Descriptions, Reviews, Etc.
Publisher Description:

What is a bureaucracy, from where does it come, and how does it develop? Japanese have long described their nation as a "kingdom of bureaucrats, but until now, no historian has fully explained the historical origins of the mammoth Japanese executive state. In this ground-breaking study, translated into English for the first time, Yuichiro Shimizu traces the rise of the modern Japanese bureaucracy from the Meiji Restoration through the early 20th century. He reveals how the making of the bureaucracy was none other than the making of Japanese modernity itself.
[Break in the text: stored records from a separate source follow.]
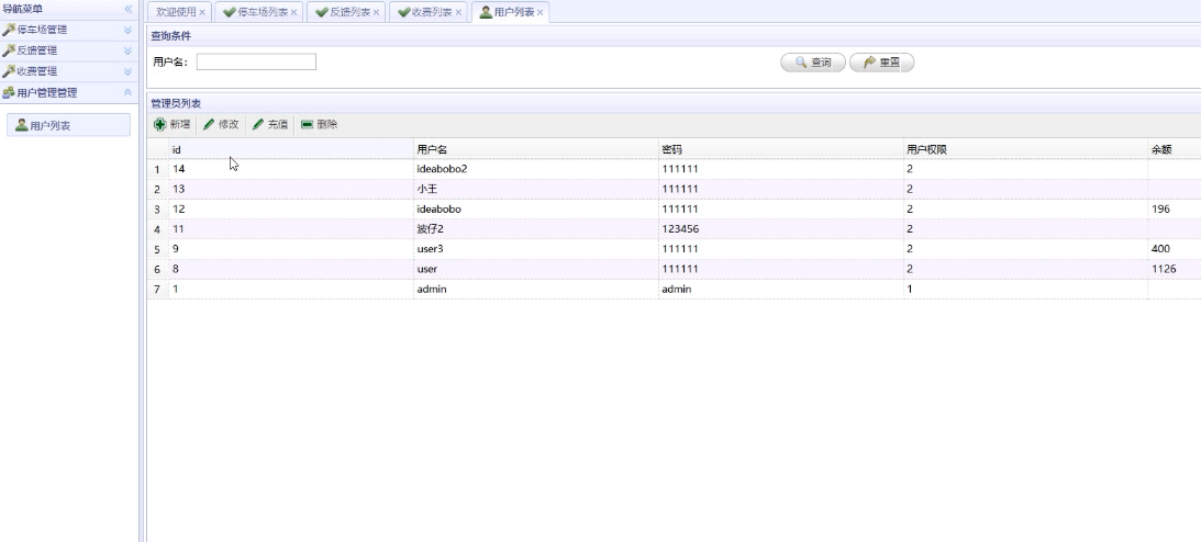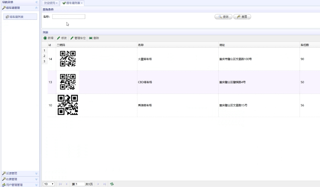 The parking lot management system of Wechat applet is designed based on C/S+B/S mode. It is implemented by Wechat applet+JSP+MySQL database. The system is composed of Weixin small program end and background management end. The Weixin small program can be used by registered users. Its functions include parking lot display (map/list), parking reservation, parking lot collection, navigation and personal center (my wallet, my collection, personal information modification, password modification, feedback, etc.). Users can pay parking fees online. The functions implemented by administrators include login, parking lot management, feedback management, charge management and user management.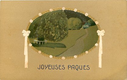 embossed UN MOT A LA POSTE, (DEPOSE), oblong vertical insets above blue JOYEUSES PAQUES surrounded by art nouveau design round all borders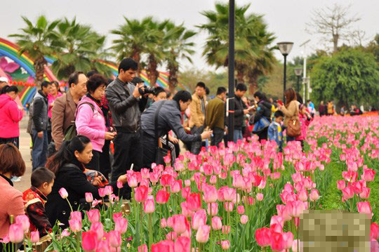 广西柳州园博园的20万株郁金香竞相开放,五彩缤纷花朵引来众多市民观赏、拍照。周潇男 摄2月6日,广西柳州园博园的20万株郁金香竞相开放,吸引了众多游人前来观……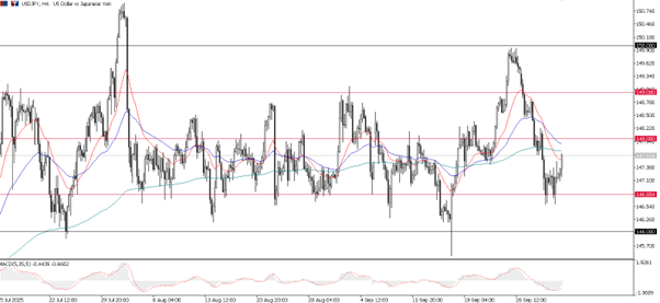 R : Attendez-vous à une évolution limitée entre 146,80 et 150,00, jusqu’à ce qu’un événement politique ou macroéconomique décisif vienne débloquer la situation.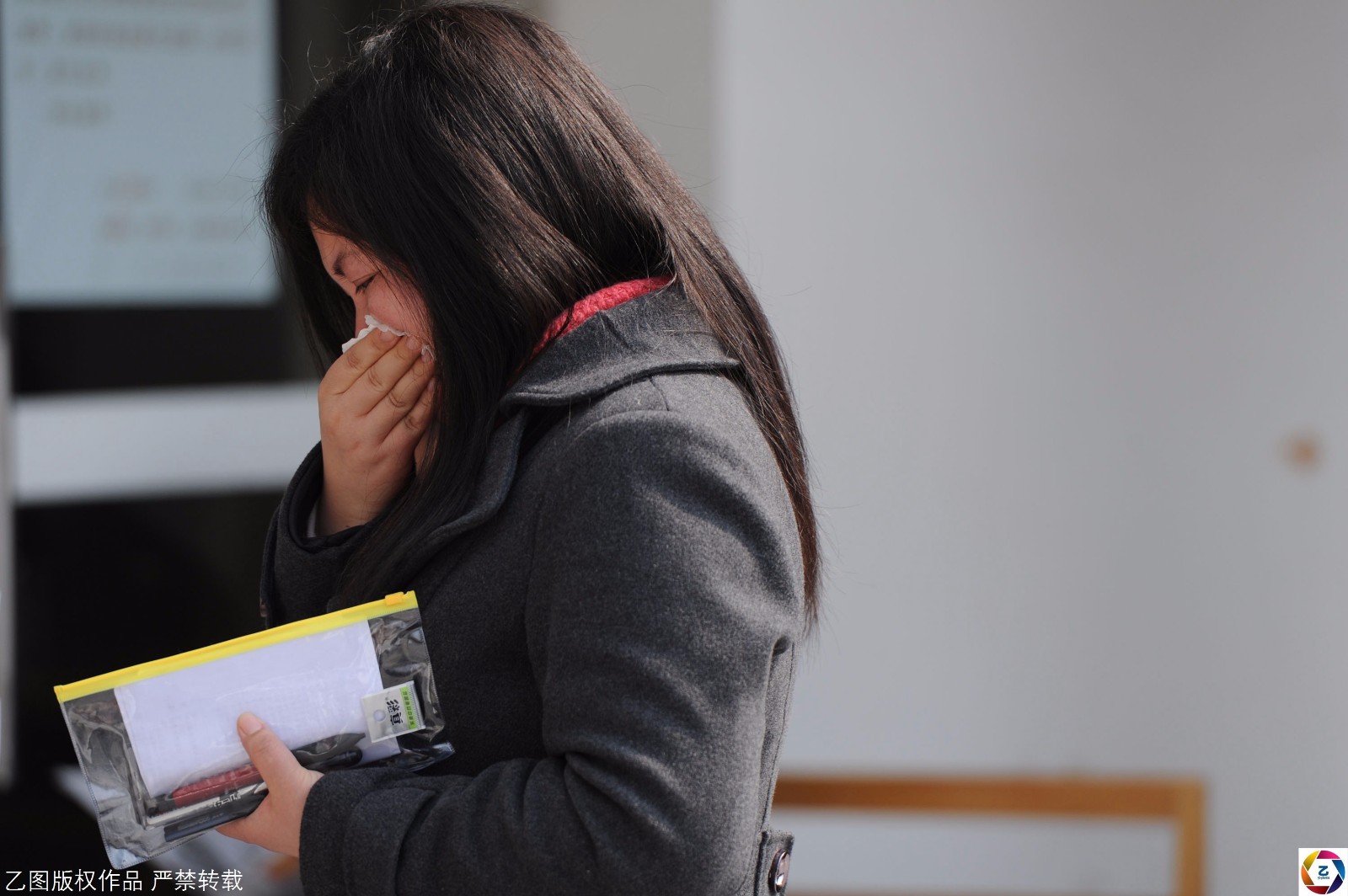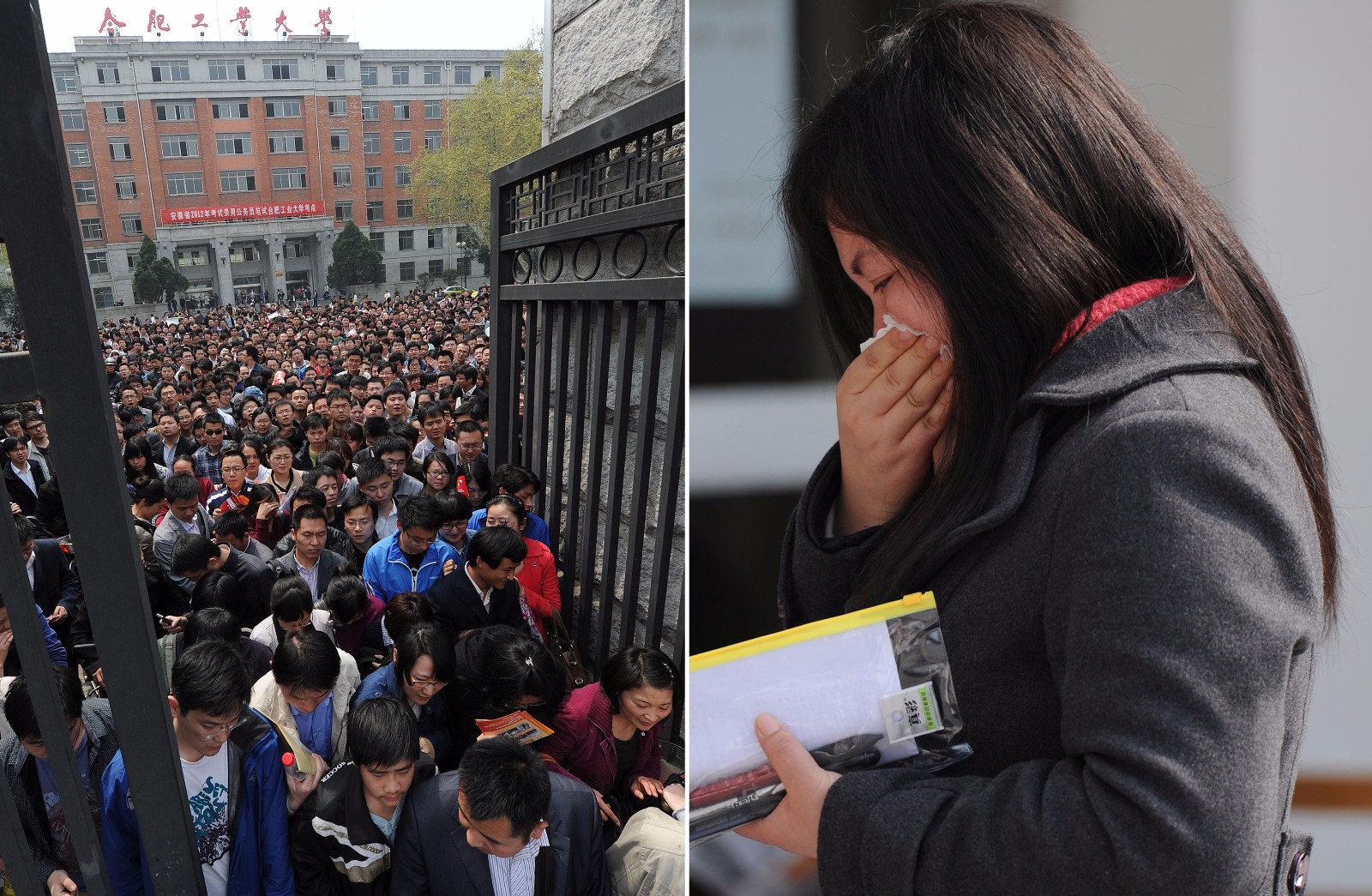 图为2011年,安徽合肥考点,一名考生因为迟到被拒绝进入考场,在一旁哭泣。

Through careful political analysis and vivid human narratives, he tells the dynamic story of how personal ambition, new educational institutions, and state bureaucratic structures interacted to make a modern political system premised on recruiting talent, not status or lineage.

Bringing cutting-edge Japanese scholarship to a global audience, The Origins of the Modern Japanese Bureaucracy is not only a reconceptualization of modern Japanese political history but an account of how the ideal of "pursuing one's own calling" became the foundational principle of the modern nation-state.


Contributor Bio(s): Gerteis, Christopher: - Christopher Gerteis is Senior Lecturer in the History of Contemporary Japan at the School of Oriental and African Studies, University of London, UK.